The competition organized by the municipality of Biasca (CH) was focused on the future intergenerational area of Bosciorina and required the design of the school buildings (kindergarten, elementary school, and spaces for special education services) with the related infrastructures (a gymnasium and a media library ‘Bibliomedia’) and a proposal for the location, within the sector, of the future elderly home.

Studio Name: Nicola Probst Architetti + AOUMM
Design Team: Nicola Probst, Fausto Fabiano, Luca Astorri, Riccardo Maria Balzarotti, Rossella Locatelli, Matteo Umberto Poli, Cong Dinh Huynh, Rafael Gridelli
Area: Architecture – Educational

Year: 2021
Location: Biasca, CH
Other Credits: Views by Flooer Studio

A School in BIASCA by Nicola Probst Architetti + AOUMM - Sheet2
©Nicola Probst Architetti + AOUMM

Nicola Probst Architetti + AOUMM’s proposal for the sector is characterized as an open and permeable structure, where the users are not only students and their parents but all citizens, and that becomes part of the urban fabric of Biasca. Through precise alignments among buildings, the new sector is accessible to the entire population, thus defining a new centrality for Biasca and surrounding municipalities. The ground floors are more permeable than the upper floors, generating new public pedestrian passages and new possibilities of relationships for citizens, strongly favoring the idea of intergenerationality.

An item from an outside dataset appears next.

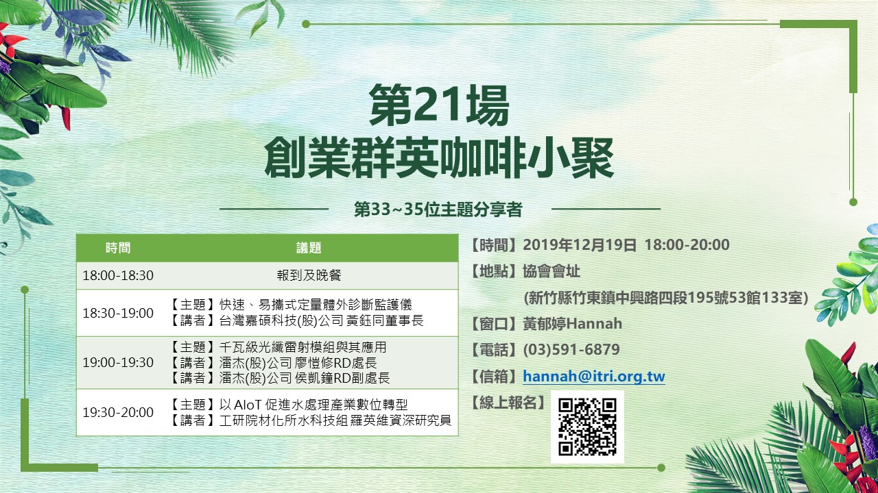 今年度壓軸登場的第21場創業群英咖啡小聚活動將於12/19(四)18:00-20:00舉行,本場次邀請到三個不同領域的講者做分享,相關資訊如下,機會難得,歡迎有興趣的會員們踴躍報名參與。

A School in BIASCA by Nicola Probst Architetti + AOUMM - Sheet3
©Nicola Probst Architetti + AOUMM

This approach informs a new public space to the east, located in the center of the area. This public space becomes a podium that joins tightly the three educational buildings. The podium (at elevation +0.00 = 304 m a.s.l.) is located at + 0.90 m from the settled ground and is generated by the alignments and excavations of the ground floors and by the sloping ground. The podium also defines the first construction phase, while the new elderly home is estimated to arrive after approximately 5-10 years. Once this second phase is realized, this new public space will be exactly in the middle between the elementary school, the new gymnasium, and the new elderly home, as well as at the center of the new public park.

The external arrangement and the use of greenery emphasize these concepts. Except for the new kindergarten, where the external area is for the exclusive use of children, the area is conceived as one big public park, open to everyone. A pedestrian walkway and a new row of trees underline the importance of the central east-west axis, which ideally continues via Bosciorina and via Montemartini, while other trees and shrubs, always in close relation with the buildings, define different outdoor spaces – flowing freely into each other – with different functions. On the west side, a row of shrubs clearly defines the boundary between the new public center and the existing residential area. On the south side, a freer arrangement is foreseen, where the public passages acquire a more informal character. This will allow the future residents of the elderly home to have wider or shorter pedestrian paths, meeting their motor possibilities.

The open urban arrangement is reflected in the architecture: simple volumes, carved out where they define public entrances or passageways. Thus the ground floor becomes more permeable than the upper floors and allows for public crossing.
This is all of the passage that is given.